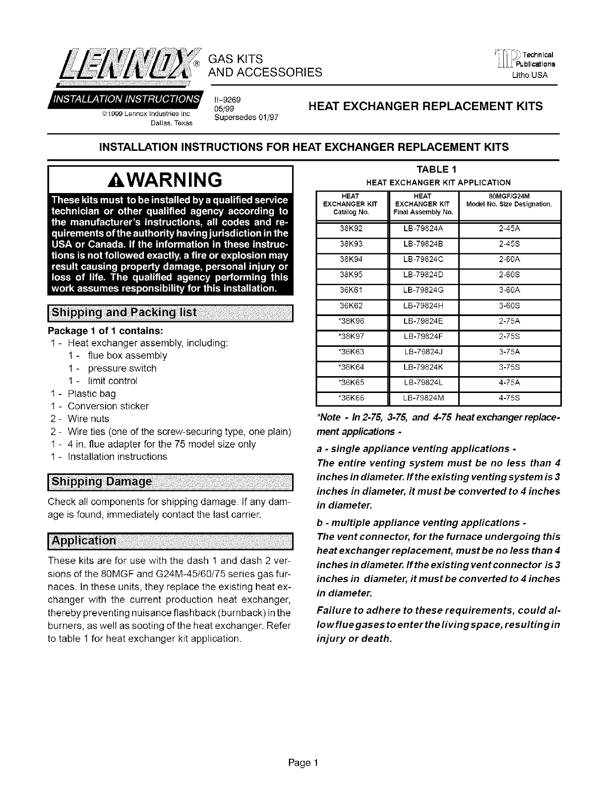 to table 1 for heat exchanger kit application.
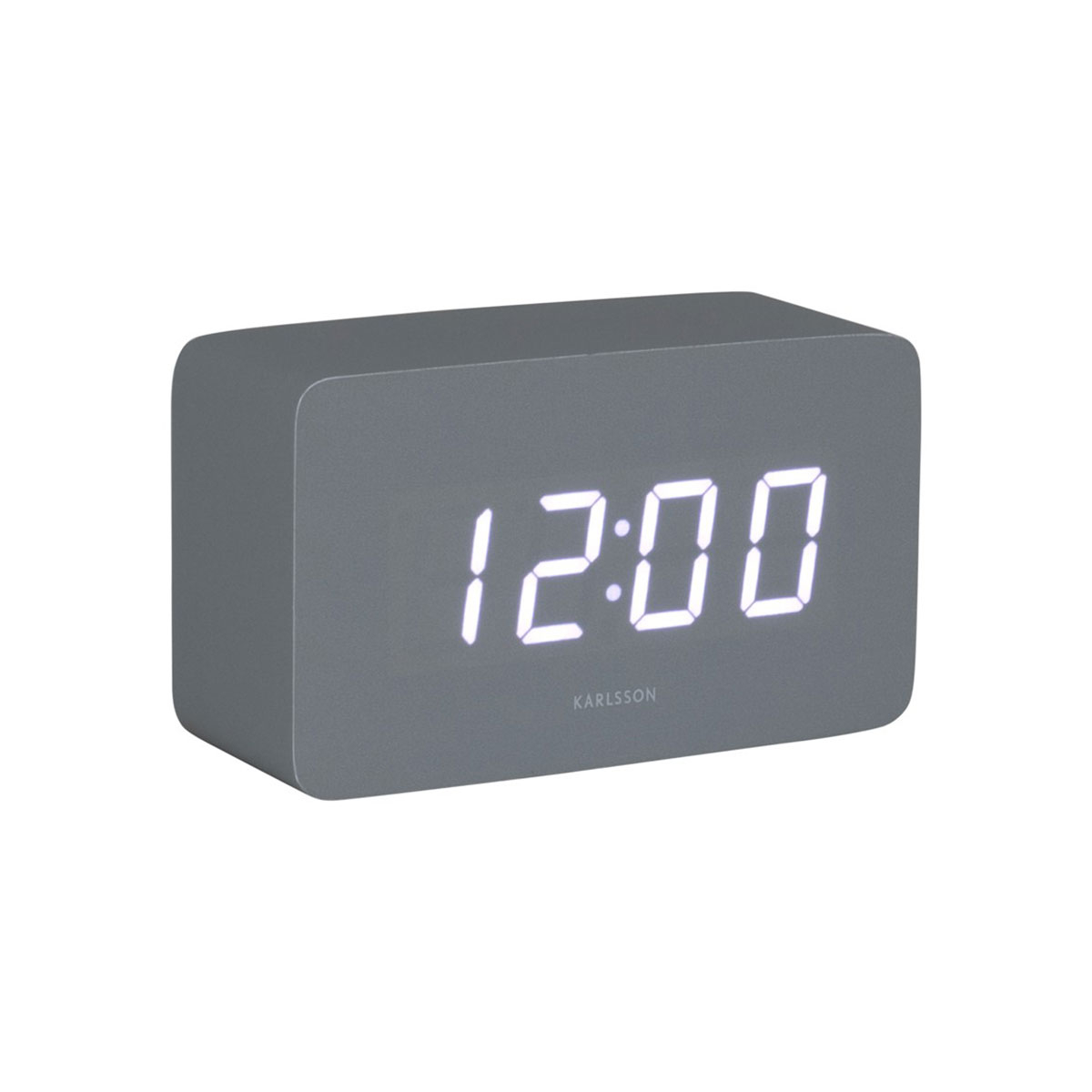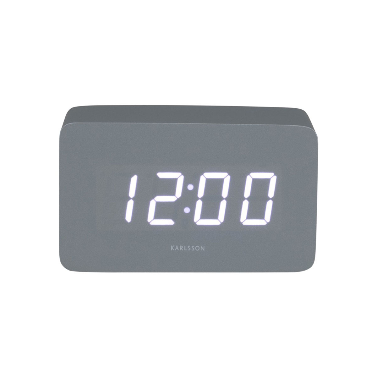 Επιτραπέζιο ρολόι - ξυπνητήρι ψηφιακό σε γκρι χρώμα, με μοντέρνο σχεδιασμό από την εταιρεία Karlsson. Κατασκευασμένο από MDF υλικό. Λειτουργεί με 3 AAΑ μπαταρία η οποίες δεν περιλαμβάνεται. Περιλαμβάνεται και αντάπτορας USB. Ιδανικό να τοποθετηθεί σε οποιοδήποτε κομοδίνο ακόμα και στο γραφείο σας. Εγγύηση 2 χρόνια.
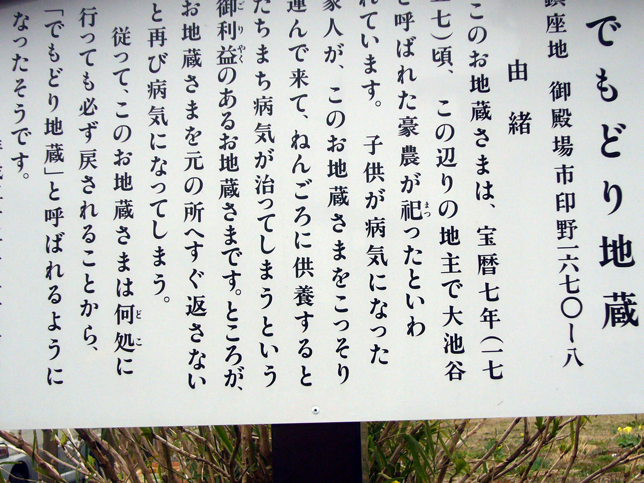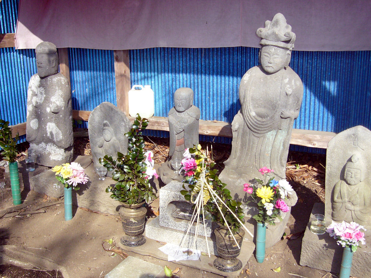 「子安さん」と呼ばれ子供をを抱いた石造物。かっては縁日に出店が
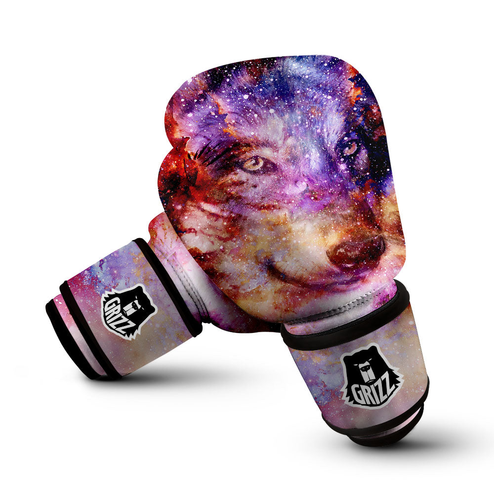 Portrait Wolf Galaxy Print Boxing Gloves
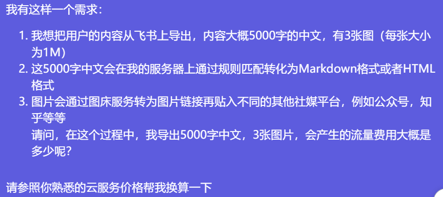 获取飞书文档的元数据,如通过服务器中转,以5000中文/次,3张图片/次,成本大约大约$0.00000008(通过GPT初步咨询,需后续校正)
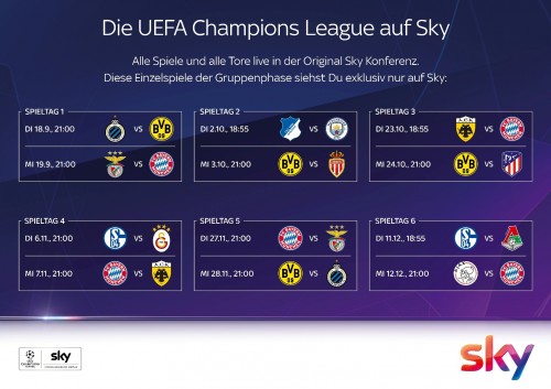 Anders als bisher zeigt Sky pro Sendetag neben der Konferenz nur noch ein Spiel in voller Länge. Dabei hat Sky während der Gruppenphase mittwochs immer das Recht, das aus seiner Sicht beste Spiel zu picken, dienstags muss man DAZN am zweiten, vierten und sechsten Spieltag den Vorrang lassen.
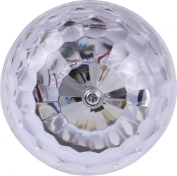 Vgrajen motor vrti prizmatično kupolo, ki lomi svetlobo v barvite vzorce. Barve se gladko izmenjujejo in zapolnijo prostor z impresivnimi projekcijami.

+++

Each line from the one holding "Anders als bisher" through the end of the listing is to be output exactly, both ends included, with no other lines and the pictures left out.

◆ **Result of the exercise**
 Anders als bisher zeigt Sky pro Sendetag neben der Konferenz nur noch ein Spiel in voller Länge. Dabei hat Sky während der Gruppenphase mittwochs immer das Recht, das aus seiner Sicht beste Spiel zu picken, dienstags muss man DAZN am zweiten, vierten und sechsten Spieltag den Vorrang lassen.
 Vgrajen motor vrti prizmatično kupolo, ki lomi svetlobo v barvite vzorce. Barve se gladko izmenjujejo in zapolnijo prostor z impresivnimi projekcijami.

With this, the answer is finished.